Special states of consciousness include psychosensory disorders in the form of derealization, depersonalization against the background of a narrowing of consciousness.

Exceptional states of consciousness include pathological intoxication and pathological affect. Pathological intoxication is a narrowed state of consciousness, observed when consuming a minimal dose of alcohol, aggression or other unmotivated actions followed by amnesia.

Patient N., 19 years old. Delivered from the pool where he participated in a diving competition. During the swim, he tried to strangle his opponent underwater. When extracted from the water, he behaved inappropriately, rushed at his comrades, tore off his swimming trunks, and screamed inarticulately. The condition became amnesic. When the circumstances were clarified, it turned out that previously the inner surface of the mask had only been wiped dry or washed with water during the swim, but on that day the coach recommended wiping it with alcohol. Previously, N. had never taken strong alcoholic drinks and only tried beer once.

Pathological affect is an inadequate strong reaction to insult, humiliation, loss with a narrowed consciousness, aggression, auto-aggression. Special ethnic changes in consciousness (amok, low, mirriri) also refer to pathological affect.
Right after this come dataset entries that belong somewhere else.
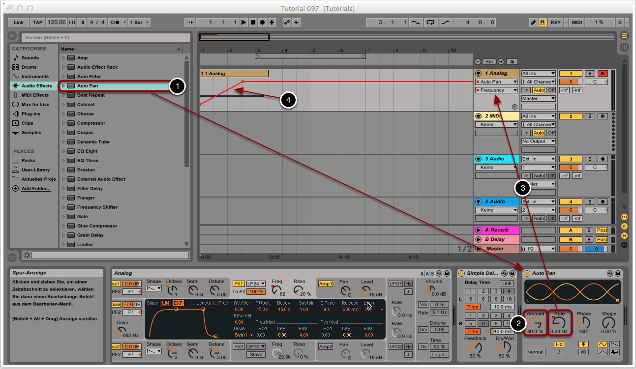 Durch einen einfachen Mausklick wählen wir den Rate-Regler von Auto Pan an. Wie im Schritt zuvor wird dadurch der Parameter dem Automations-Menü zugewiesen (3).
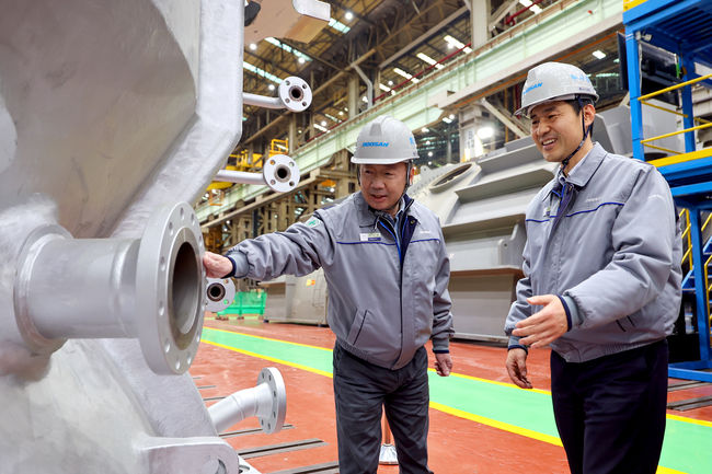 박정원 두산그룹 회장(왼쪽)이 11일, 경남 창원 두산에너빌리티 사업장을 방문해 제작 중인 발전용 가스터빈 제품을 살펴보고 있다.
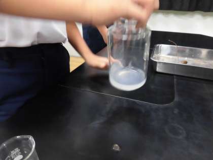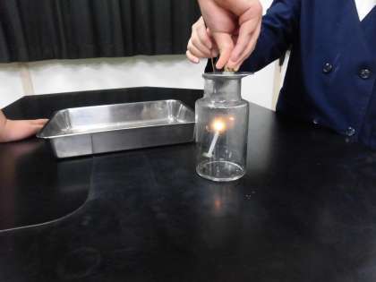 6年生が理科室で、「石灰水で二酸化炭素があるかどうか調べる実験」をしていました。集気びんの中で、ろうそくで火を燃やし二酸化炭素を発生させます。その中に透明な石灰水を入れて、びんを振ると石灰水が白く濁るという実験です。小学校でよく行う実験なので、保護者の方も行った方もおられると思います。二酸化炭素を検出する試薬として、広く使われる石灰水を使った実験です。

According to the description of ethnographers, the Indian custom of self-immolation of widows after the death of a spouse was often associated precisely with an affective narrowing of consciousness.
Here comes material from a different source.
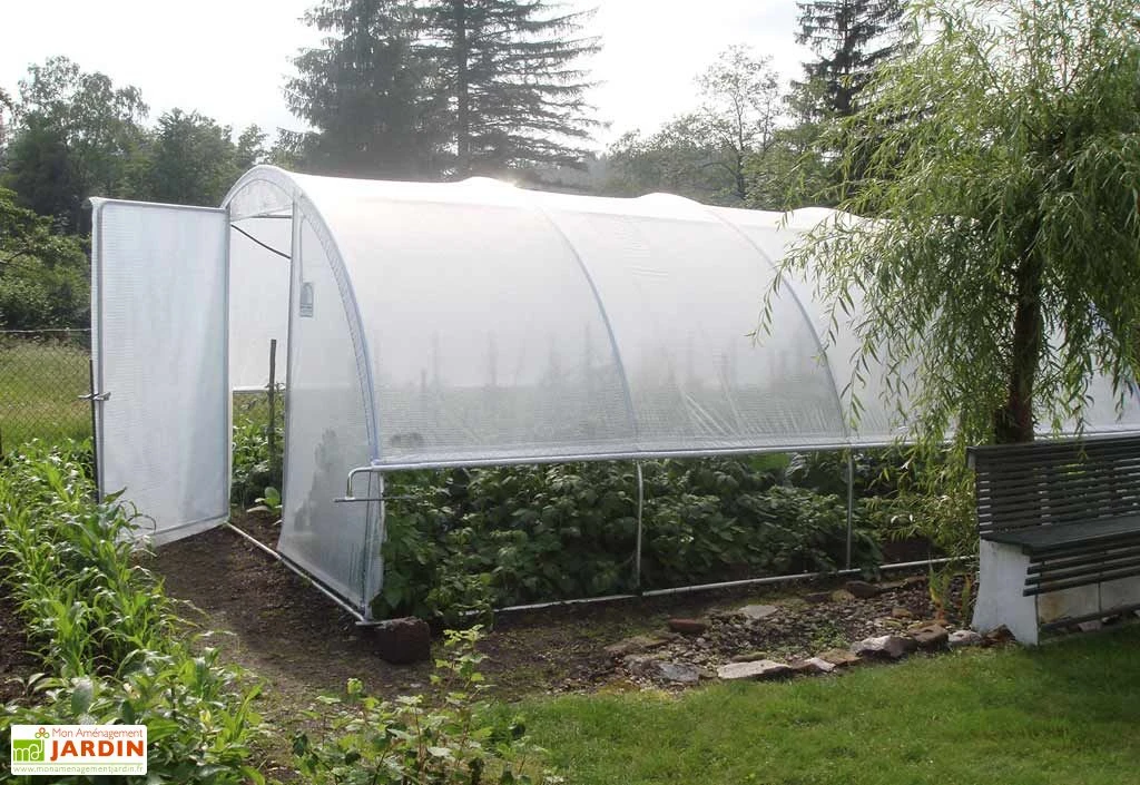 Cette serre tunnel de chez Tonneau est en polyéthylène transparent de 200 microns d’épaisseur. Son armature en acier galvanisé lui garantit une longévité importante. Dans vos options vous pouvez choisir une serre sans aération ou une serre avec aération (kit manivelles inclus pour l’option aération). Lorsque vous choisissez l’option aération, la serre est équipée d’une ventilation de côté jusqu’à 70 cm. La serre dispose d’une porte pivotante d’une largeur de 1,35 m, il est possible d’en ajouter une deuxième en accessoire.

Patient S., 35 years old. He was undergoing inpatient treatment for alcohol dependence and was preparing for discharge. I was expecting a visit from my wife and two sons, who were supposed to arrive by car. However, they met with an accident and died. After reporting this event, he turned and ran away, hit a bystander and tore his clothes, causing significant damage to himself.
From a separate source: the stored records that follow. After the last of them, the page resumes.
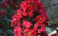 Lagerstroemia indica 'Dynamite' appartient à la famille des Lythraceae. Lagerstroemia indica, dont il est issu, est originaire de Chine. Cet arbuste présente un port buissonnant et ramifié, étalé à couronne arrondie. Il atteindra 4 m de hauteur à mâturité, pour un diamètre de 3 m. Sa croissance est assez rapide. Il choisit le mois de juillet pour amorcer sa floraison, qui se poursuivra jusqu'en octobre. Les fleurs se caractérisent par de fins pédicelles portant chacun cinq pétales à bord ondulé qui composent cette fleur. Les fleurs, dont la texture rappelle celle du crêpe sont rassemblées en grandes panicules bien denses, à l'extrémité des branches de l'année. Chez 'Dynamite', les boutons sont cramoisis, puis ils s'épanouissent en rouge cerise intense. Le feuillage, coriace et caduc, nait rouge, puis devient vert foncé et luisant. Il est composé de petites feuilles ovales, qui prennent parfois de jolies teintes jaunes ou rouge à l'automne, en fonction du climat. Enfin, et pour terminer en beauté, son écorce est de toute beauté, lisse, beige striée de brun-rouge, se desquamant en plaques colorées (canelle, rouge éteint, vieux rose, crème).
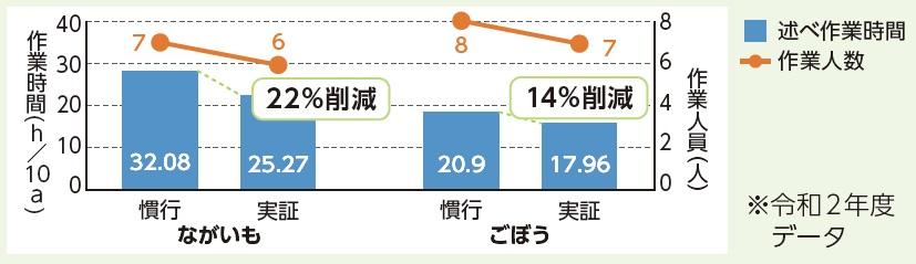 - 自動操舵トラクタ(収穫)にトレーラーを牽引するロボットトラクタ(運搬)を追従させることで、オペレーターを1人減らし、延べ作業時間をながいもで22%、ごぼうで14%削減。
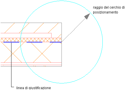 Posizionamento di muri con linea di giustificazione che interseca il cerchio di posizionamento
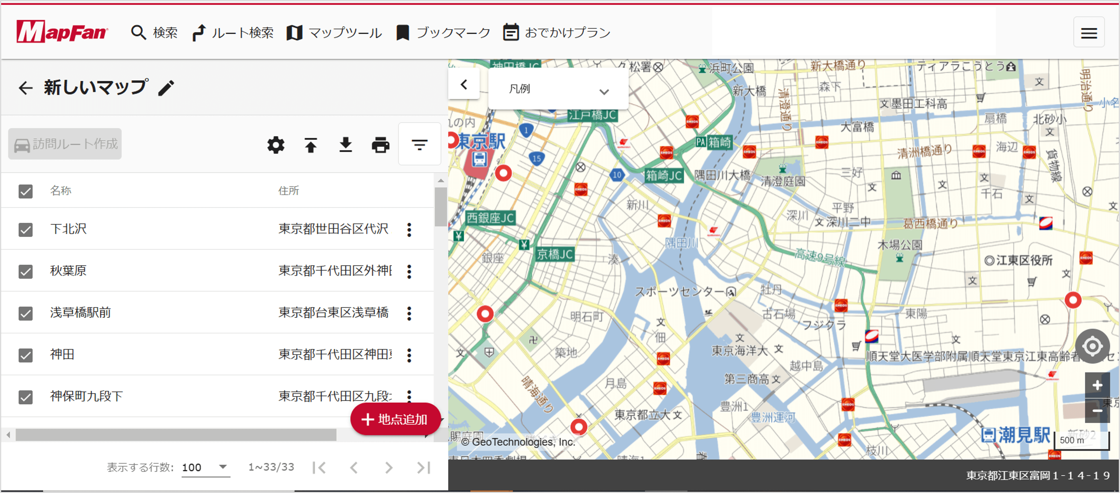 最大30地点を効率よく回れる!配達や営業回りに便利なMapFanの『マップツール』ジオテクノロジーズ MAP WORLD+。
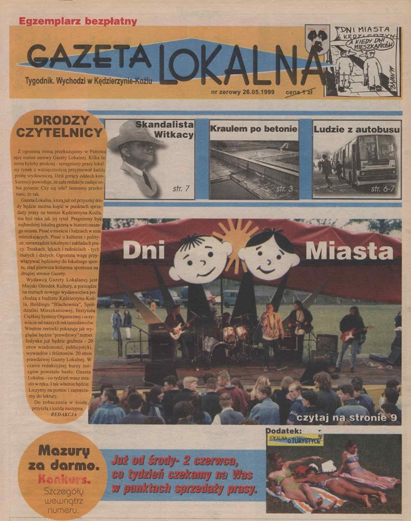 Numer zerowy nowego wydawnictwa na kędzierzyńsko-kozielskim rynku prasowym ukazał się 26 maja 1999 roku. Redaktorem naczelnym był Piotr Gabrysz. Wydawcą był Miejski Ośrodek Kultury, a redakcja mieściła się w Domu Kultury "Lech". Gazeta rozwijała się z numeru na numer, przybywało stron, tematów i współpracowników. Drugi numer z 2000 roku przyniósł istotną informację. Redakcja przeniosła swoją siedzibę z Blachowni do Domu Kultury „Chemik”. W marcu 2000 roku Piotr Gabrysz przestał być redaktorem naczelnym, a wkrótce zastąpił go Andrzej Szopiński-Wisła (zmarł 22.09.2022 r.). Od 90. numeru „Lokalna” dorobiła się dwóch dziennikarzy na etatach. Z rangi współpracowników awansowali Agnieszka Kurpińska i Grzegorz Łabaj.
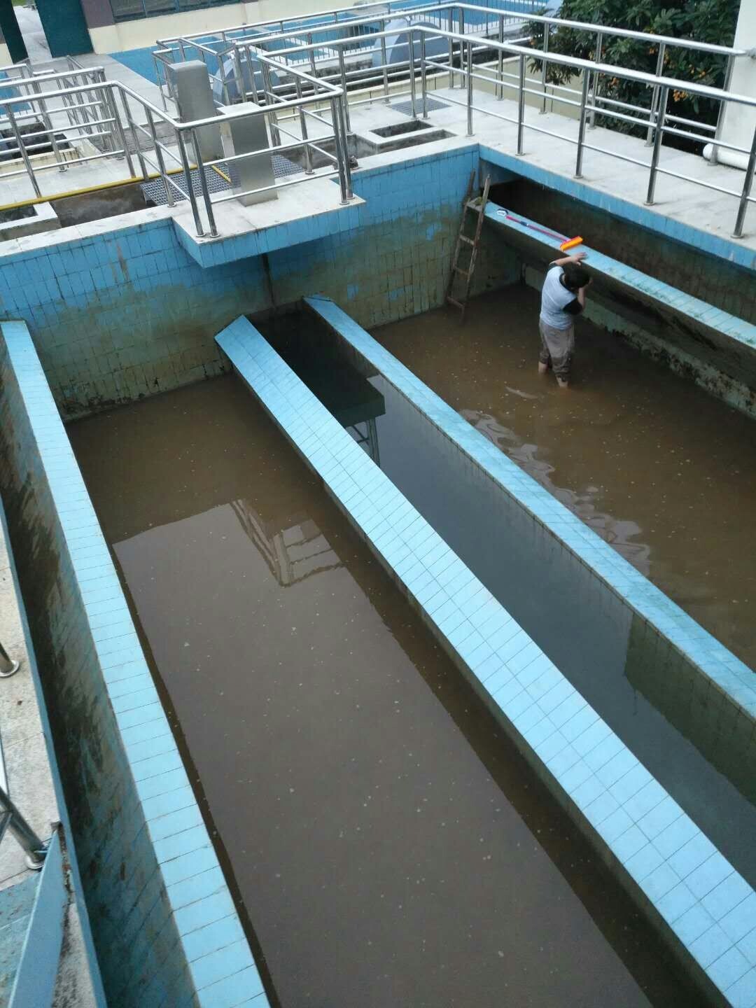 水廠濾池由于長(zhǎng)時(shí)間不間斷運(yùn)行,給出水帶來(lái)污染。在為期2天的清洗工作中,工作人員在濾池中認(rèn)真鏟刮、清掃、沖洗濾池內(nèi)壁殘留不少淤泥、雜質(zhì)、青苔,清理過(guò)的濾池內(nèi)壁煥然一新。
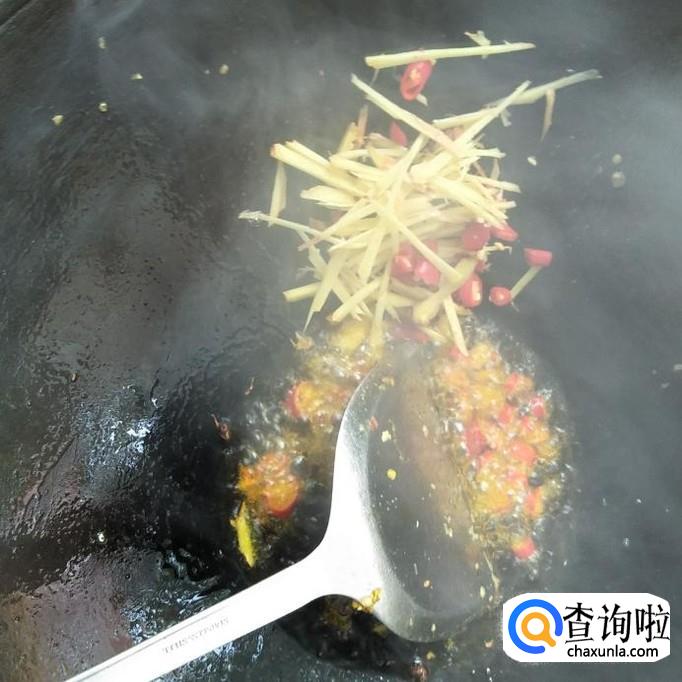 加入辣椒,生姜,花椒爆炒,然后加入少许酱油,爆炒

There is also multiple consciousness in multipersonality disorder, which is characterized by the transition of a personality into another personality with different habits, behavior, name and amnesia of the previous personality.

Stun


Accompanied by partial difficulty in mental activity. Adequate behavior remains, but the train of thought slows down and signs of disorientation appear. The patient answers questions in monosyllables, but correctly, but if they talk to him loudly, sometimes the phrase has to be repeated several times. Sensitivity to painful stimuli is reduced, the patient does not notice discomfort (for example, wet clothes, uncomfortable posture, etc.). Depending on the severity of clinical symptoms, mild, moderate and severe degrees of stunning are distinguished. Subsequently, partial memories are retained.

Impaired consciousness

According to K. Jaspers (1923), the following signs are common to all types of disturbances of consciousness:

  • detachment, disorder of direct reflection of real objects and phenomena in the form of difficulty or shutdown of sensory cognition, its fragmentation or distortion associated with deceptions of perception;
  • violation of rational cognition, that is, understanding of connections and relationships between objects and phenomena due to impoverishment, shutdown or disorganization of thinking, impaired judgment;
  • disorientation in place, time, surrounding persons, and sometimes in one’s own personality. Orientation may be completely absent or false;
  • difficulty remembering impressions of ongoing events and subjective experiences, which manifests itself upon exiting the state of impaired consciousness as congrade amnesia. Memories may be incomplete, inconsistent, unclear, alienated, like dreams. Some impressions, on the contrary, come easily to memory and are particularly vivid - the Moly phenomenon. There is also delayed or retarded amnesia, which occurs several minutes or even hours after the end of confusion.
A clinical psychologist will correctly diagnose and apply the necessary psychological measures to treat disorders of consciousness

The diagnosis of clouded consciousness can be established if all four of the mentioned signs are present. But this does not mean that you need to wait for the cessation of acute psychosis and confirmation of the fact of amnesia in order to make sure that consciousness is impaired. It should also be borne in mind that shallow degrees of stupefaction may not be accompanied by obvious disturbances in orientation and the ability to make concrete judgments, even if later all the impressions of this period were lost.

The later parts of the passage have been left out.